I went to the radiology department in the hospital where I worked, had a chest x-ray, and picked up the results. While looking at the film, I noticed I actually had three rib fractures and a pelvic fracture, which explained the pain I had been experiencing in my left hip. As I continued to examine the film, I noticed multiple tiny holes throughout my skeleton. They were the unmistakable hallmarks of the life-threatening blood cancer multiple myeloma, and the realization nearly caused an anxiety attack. I knew this was a bad disease and I had just made a fatal diagnosis.
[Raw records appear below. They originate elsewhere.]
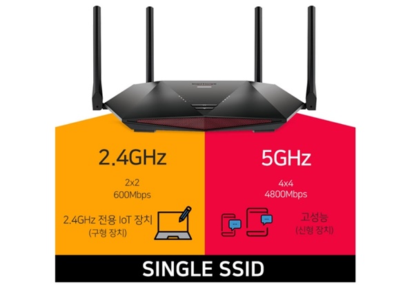 두 개의 밴드는 스마트 커넥터로 마치 하나의 와이파이 망처럼 쓸 수 있다. 공유기와의 거리, 신호의 강도에 따라 공유기가 어떤 밴드와 연결할지를 자동으로 결정해 주는 편의기능이다.
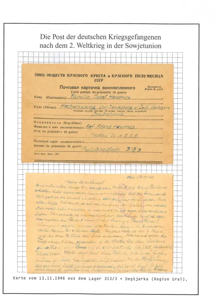 Post de prisonniers de guerre Degtiarsk de camp 313/3 URSS vers Hechenwang 13.11.1946
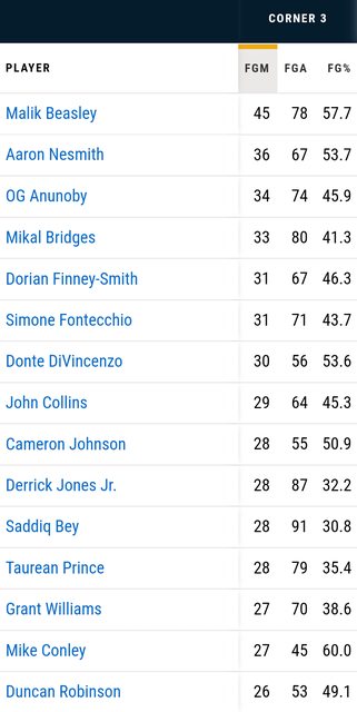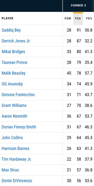 https://twitter.com/NBA_University/status/1741903506519261434 Most Corner 3PA: 1. Saddiq Bey: 91 FGA—30.8% cold... 2. Derrick Jones: 87—32.2% 3. Mikal Bridges: 80—41.3% 4. Prince: 79—35.4% 5. Beasley: 78—57.7% on fire! 6. Fontecchio: 71—43.7% 7. Anunoby: 70—44.3% 7. Grant Williams: 70—38.6% 9. Nesmith: 67—53.7% 9. Finney-Smith: 67—46.3% Corner Campers 本季出手最多底角三分的球員 (直接從NBA.com截圖) http://i.imgur.com/2dy3mYw.jpg
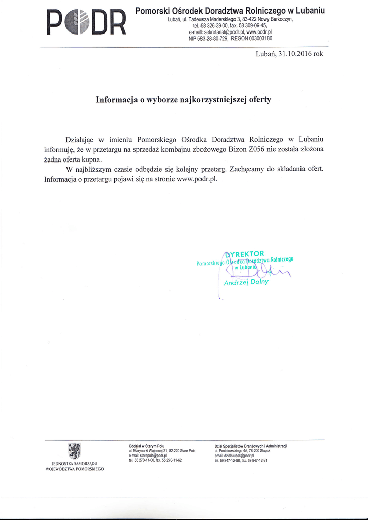 pWWDR Pomorski OśrodekDoradztwa Rolniczego w Lubaniu Lubań, ul. Tadeusza Maderskiego 3,83Ą22 Nowy Barkoczyn, tel. 58 326-39-00, fax. 58 309-0945, e-mail : [email protected], www.podr,pl NlP 583-28_80-729, REGoN 003003186 Lubań,31.10.2016 rok lnformacja o wyborze n aj ko rzystniej szej oferty Działając w imieniu Pomorskiego Ośrodka Doradztwa Rolniczego w Lubaniu informuję, że w przetargu na sprzedłżkombajnu zbożowego Bizon Z056 nie zostńa ńożona żadna oferta kupna. W najbliższym czasie odbędzie się kolejny przetatg. Zachęcamy do składania ofert. Informacja o przetargu pojawi się na stronie www.podr.pl. oddriał w starym Polu §$l\$§TM sArl$§ZĄau lv(x §\łó§;ll\}a P0§i$lł$xl !o{) ul, Mbrynarki Wojennej 2'1, 82-220 Stare Pole e-mail: starepole@podr,pl tel, 55 270-'1 1-00, fax, 55270-11-62 Dział specjalistów Branźowych i Administracji Ul. Poniatowskiego 4A, 76-200 Słupsk email: dzialslupsk@podr,pl tel, 59 847-12-88, fax. 59 847-12-81
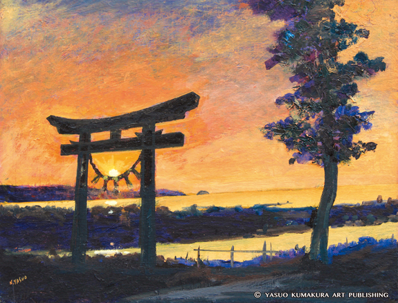 (絵画カレンダーの1月の絵/日和山からの朝日)
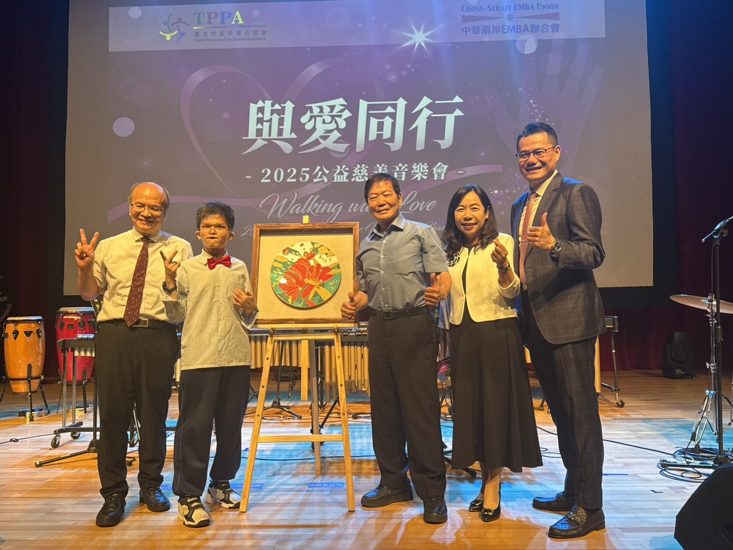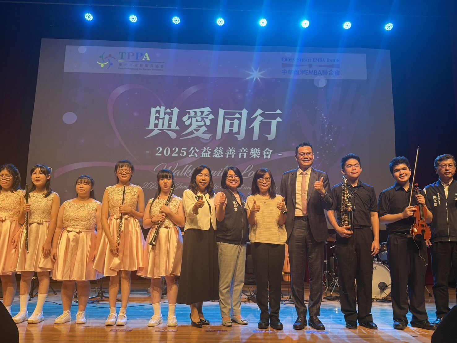 由台北市家長會長協會與中華兩岸EMBA聯合會共同主辦、臺北市教育局指導「與愛同行・2025公益慈善音樂會」,於20日晚間在中油大樓國光廳圓滿登場。會中並捐出一百萬元給台北市四所特教學校與愛基金會。
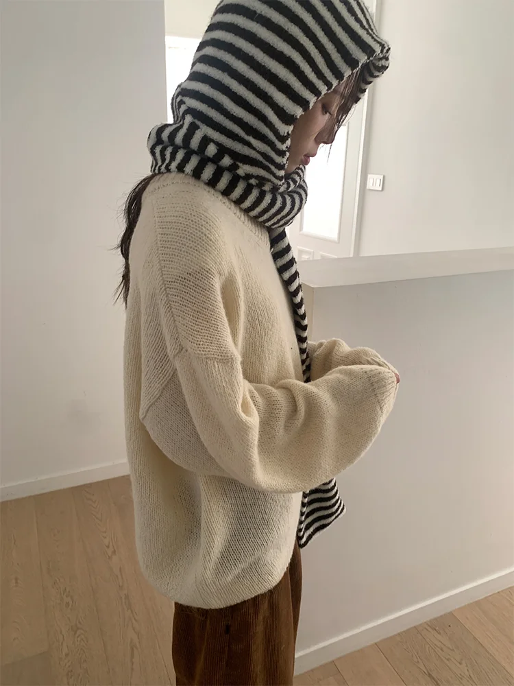 暖かいストライプ帽子スカーフ一体型ネックウォーマー女性の自転車乗馬冬のファッション韓国スタイル防風スカーフ帽子コンボ
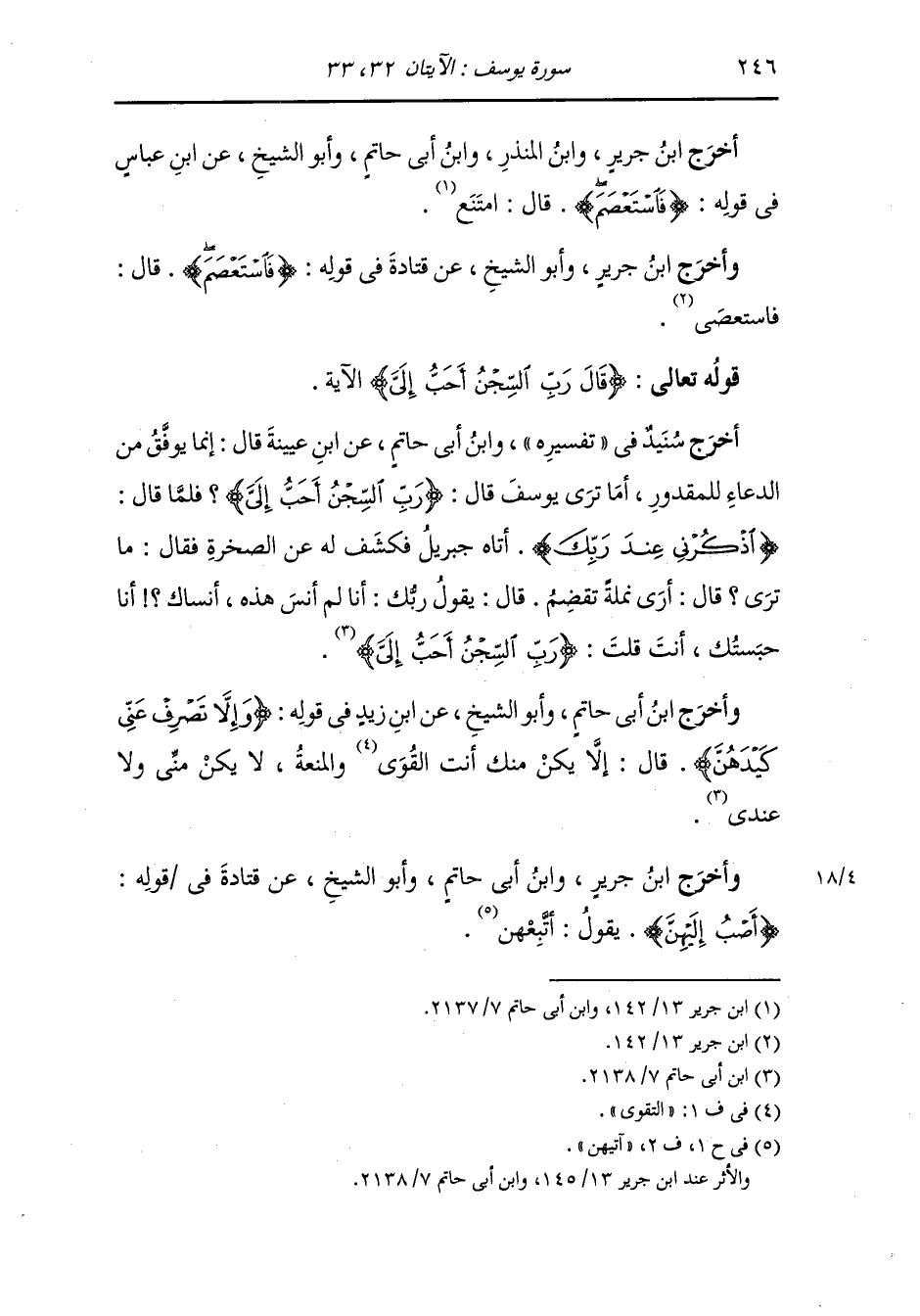 وأخرج ابن أبي حاتم وأبو الشيخ عن ابن زيد رضي الله عنه في قوله {وإلا تصرف عني كيدهن} قال : إن لا يكن منك أنت القوي والمنعة لا تكن مني ولا عندي.

Balancing Effective Treatment and Its Side Effects

A week later, I was sitting in my oncologist’s office discussing his recommended standard-of-care course of treatment: a three-drug regimen of bortezomib, lenalidomide, and dexamethasone. As is common, initially, the treatment was successful in halting disease progression, and that gave me the first sense of optimism I’d felt since my diagnosis. However, the side effects of the treatment, including peripheral neuropathy in my hands and feet that ascended to my knees, mid-thigh, and then peritoneum, affecting my bladder, were so severe I had to use a walker, and they continued to get worse after each treatment cycle.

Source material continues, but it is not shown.